Give back, exactly as written, the lines of the listing from the top through the line holding "This wedding plate", and nothing more. Exclude pictures.

### [SUPPLIED MATERIAL]
__________

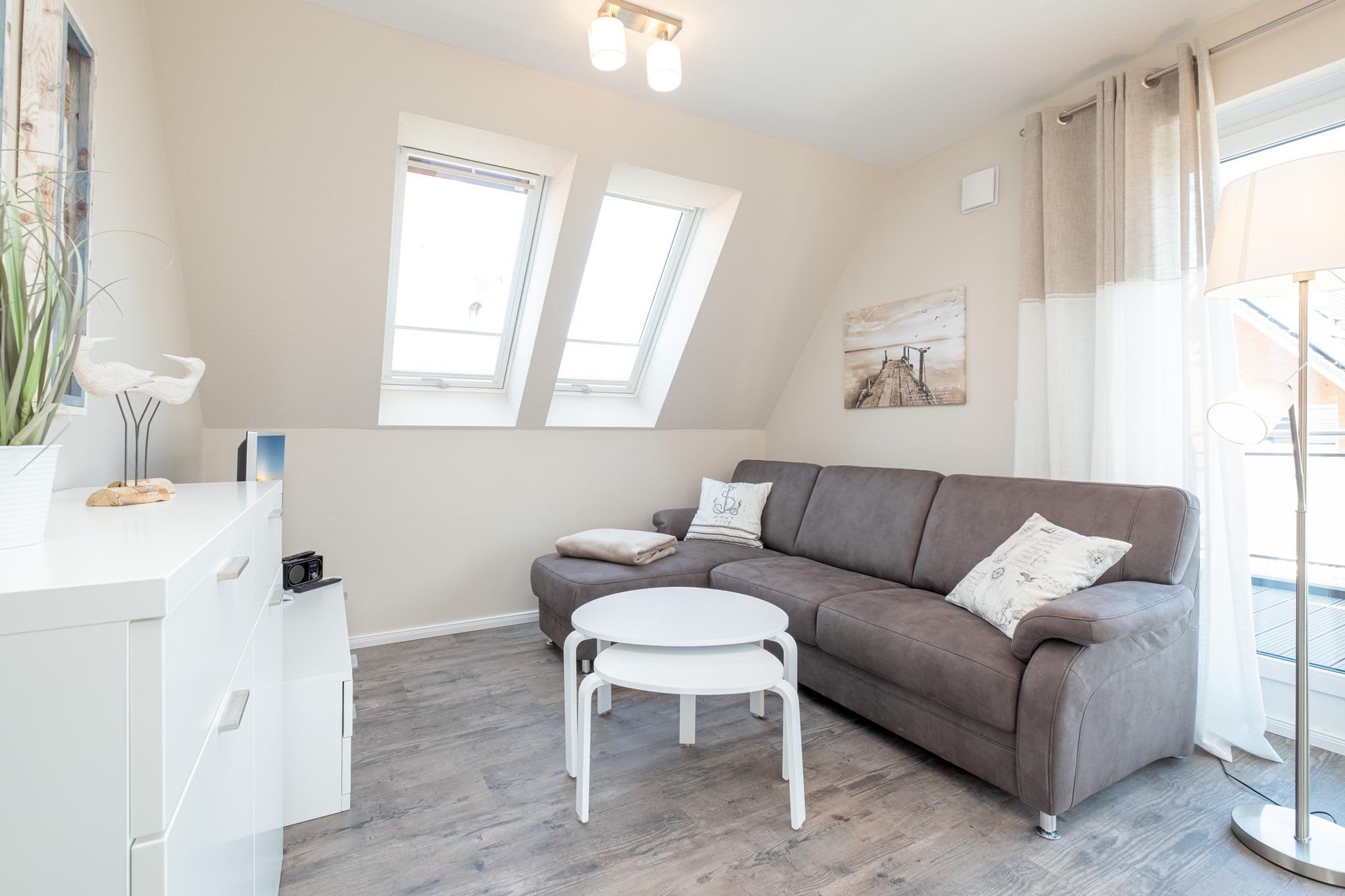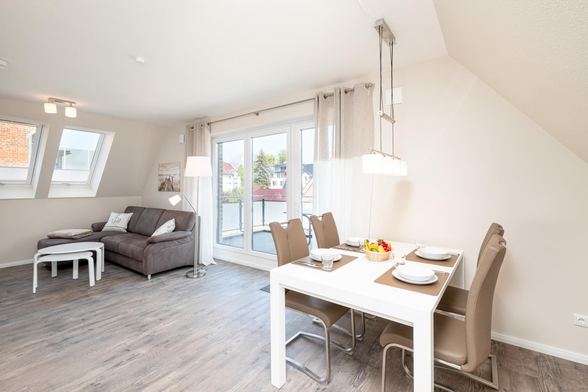 Das Herzstück des geschmackvoll und hochwertig eingerichteten Hauses bietet das moderne Wohnzimmer mit Couchgarnitur, Internetradio, Flatscreen-TV und Essbereich. Ebenso haben Sie vom Wohnzimmer der Ferienwohnung Zugang zum möblierten Balkon von dem Sie auch Meerblick haben.
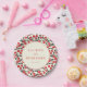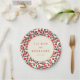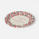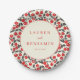 This wedding plate features a charming design with a repeating pattern of red cherries and dark green leaves on a cream background, creating a vibrant and elegant look. The central circle highlights customizable names and date in a mix of uppercase serif and script fonts, framed by a muted red outline that adds sophistication. The semi-realistic representation style blends traditional botanical elements with modern graphic design, evoking joy and celebration. Perfect for adding a festive touch to your wedding reception, this plate combines cheerful motifs with a classic aesthetic, making it an ideal choice for a memorable event.
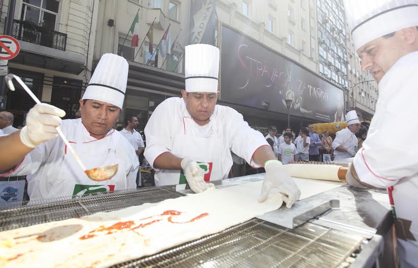 Los Maestros Pizzeros de APPYCE (Asociación de Propietarios de Pizzerías y Casas de Empanadas), con el apoyo del Ministerio de Desarrollo Económico y la Secretaría de Atención Ciudadana de la Ciudad, realizaron el domingo la pizza más larga de Buenos Aires en un evento en el que participaron más de cinco mil vecinos sobre la calle Corrientes.
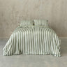 Sage green stripe duvet cover set on a bed, with a neutral background. Close up of a sage green and light green stripe duvet cover set on a bed, with sage green sheets and pillowcases. Close up of a sage green and light green stripe duvet cover magnetic corner. Montana stripe duvet cover paired with coral bed bedding set, against a beige curtain backdrop. A marble bed side table and lamp featured in the corner. Close up of a sage green and light green stripe duvet cover set on a bed, with sage green sheets and pillowcases.

__________

### [EXERCISE ANSWER]
 Das Herzstück des geschmackvoll und hochwertig eingerichteten Hauses bietet das moderne Wohnzimmer mit Couchgarnitur, Internetradio, Flatscreen-TV und Essbereich. Ebenso haben Sie vom Wohnzimmer der Ferienwohnung Zugang zum möblierten Balkon von dem Sie auch Meerblick haben.
 This wedding plate features a charming design with a repeating pattern of red cherries and dark green leaves on a cream background, creating a vibrant and elegant look. The central circle highlights customizable names and date in a mix of uppercase serif and script fonts, framed by a muted red outline that adds sophistication. The semi-realistic representation style blends traditional botanical elements with modern graphic design, evoking joy and celebration. Perfect for adding a festive touch to your wedding reception, this plate combines cheerful motifs with a classic aesthetic, making it an ideal choice for a memorable event.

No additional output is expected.